Taken together, the evidence is clear: oxytocin is, without question, the hormone of empathy. But what about those whose oxytocin is naturally low? What are they supposed to do? Be patient. Later in this book, you will find detailed, practical methods for raising your oxytocin levels.4
The Oxytocin Reconciliation Method
No relationship stays smooth forever. Even people who get along beautifully can start bickering over the most trivial things. When oxytocin levels are high, we naturally tend to see things from the other person's perspective, which makes conflicts less likely to erupt. But what if the damage is already done? What if you and someone you care about have fallen out — and it is your fault?

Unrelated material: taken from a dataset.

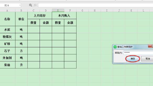 2、在弹出的对话框内输入密码后,点击确定,即可撤销对该工作表的保护。
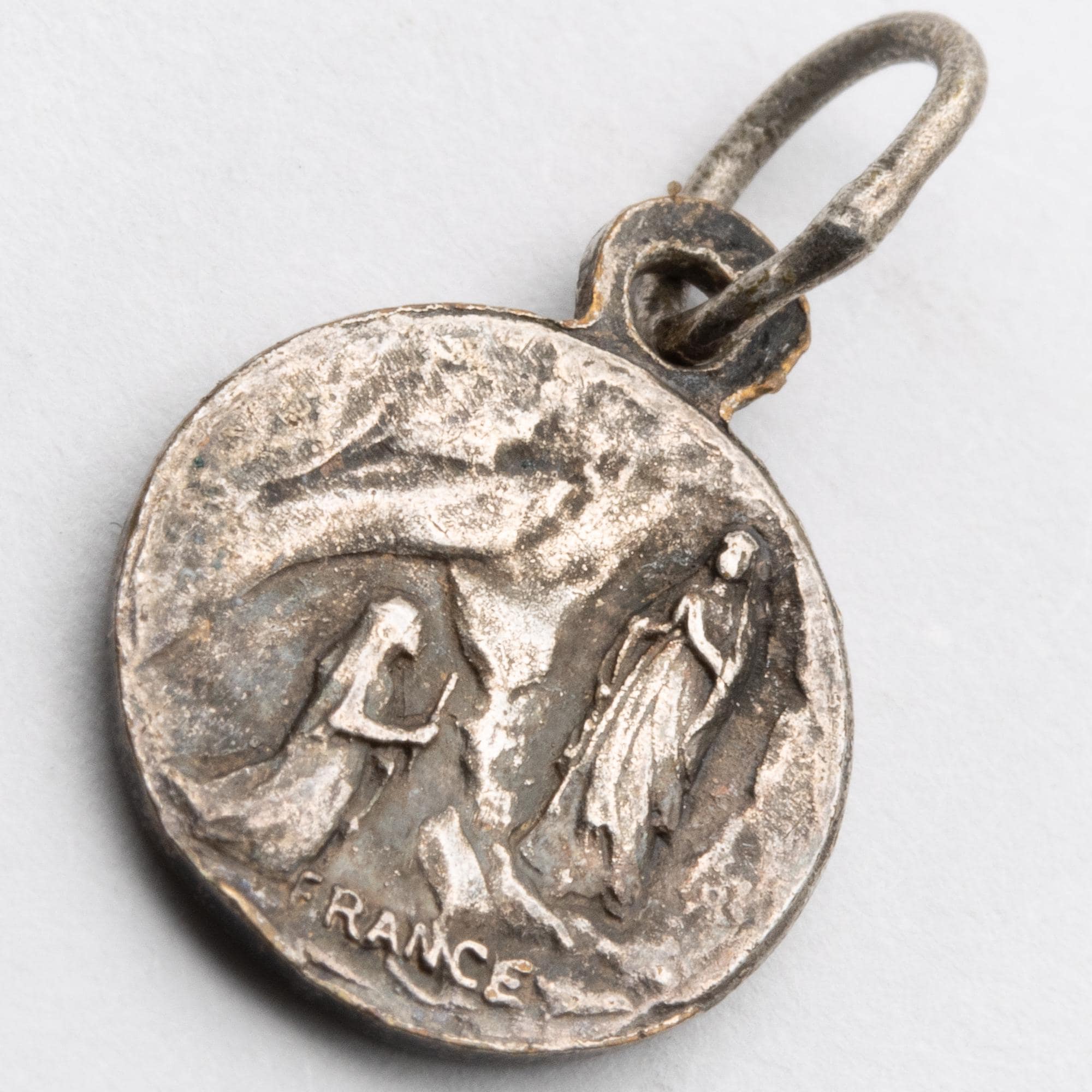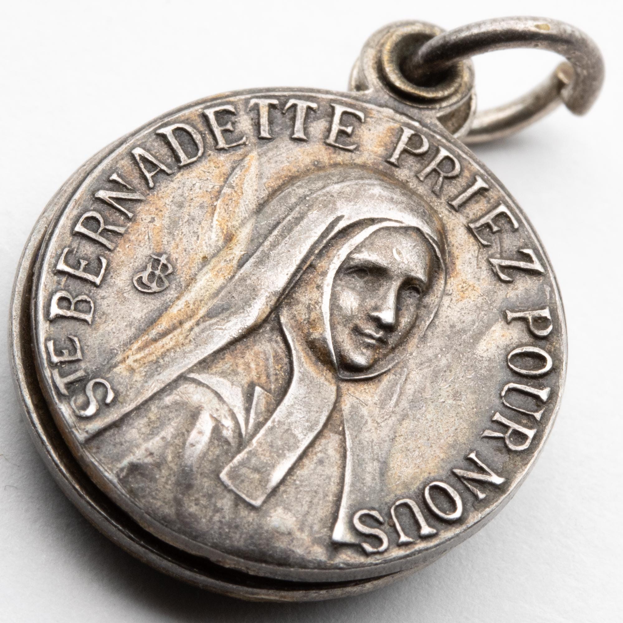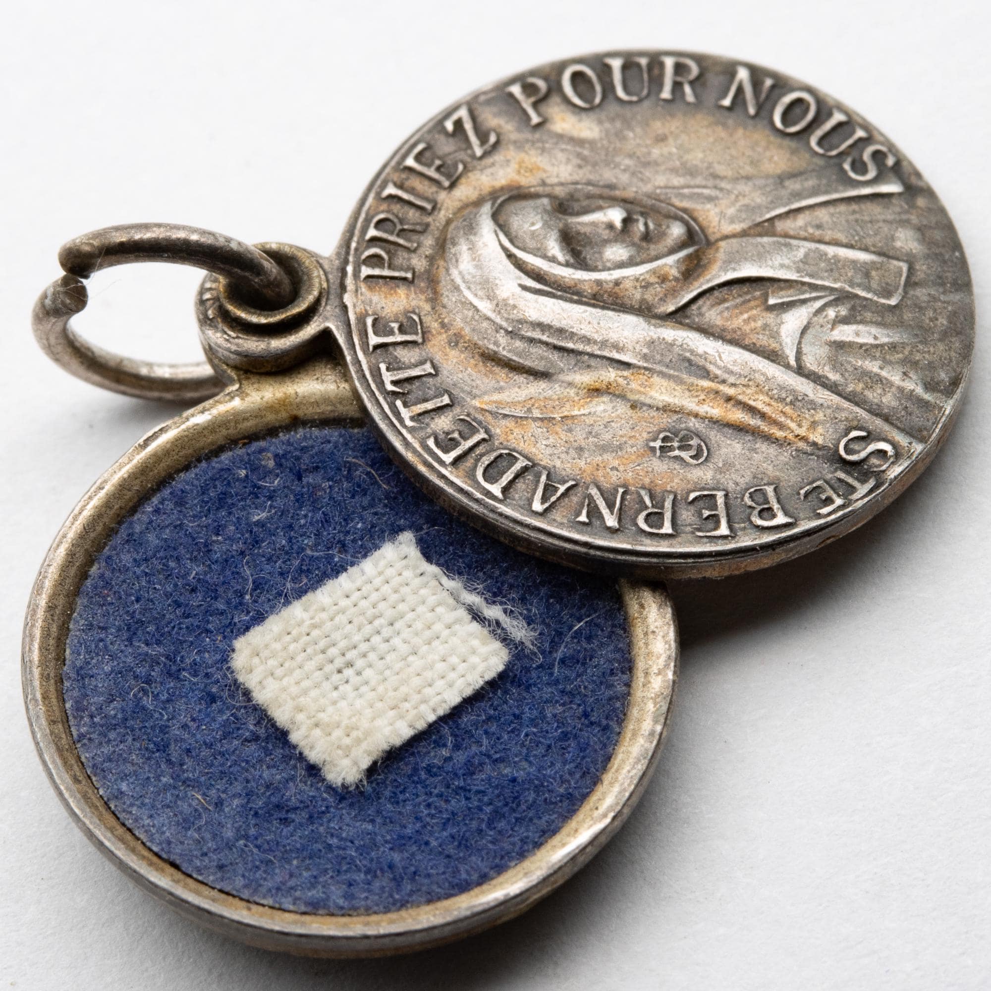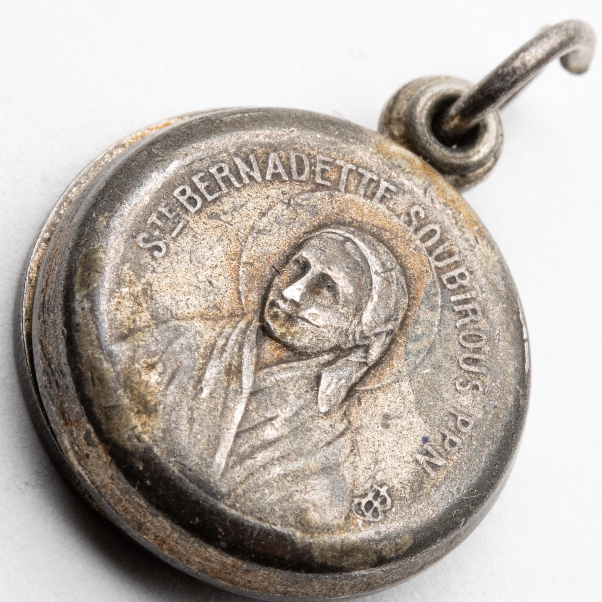 in good used condition. 2 enamel tokens, a silver token and a piece of fabric that has touched st Bernadette.

First, apologize unconditionally — even to the point of overdoing it. I once stood in a long line at Starbucks, finally ordered, and received the wrong drink. When I pointed this out, the barista apologized so profusely and bowed so deeply that I felt embarrassed — and my annoyance melted away on the spot. As she remade my order, I overheard her say to the trainee beside her: "When you apologize, go overboard like that, right away. Got it?" She had been training the new employee all along. I could not help but laugh, but it taught me a useful lesson.
Second, make peace over a good meal. The other person may be too angry to sit down and eat with you. But if you can manage it, sharing something delicious while you talk will raise their oxytocin and improve the chances that they will understand — and forgive.
Third, show the other person that you trust them. When someone believes we trust them, their brain responds with a surge of oxytocin. You can say it directly, or you can ask a mutual friend to pass the message along, or send a letter or a thoughtful gift. Remember: building a new relationship matters, but repairing a damaged one matters just as much.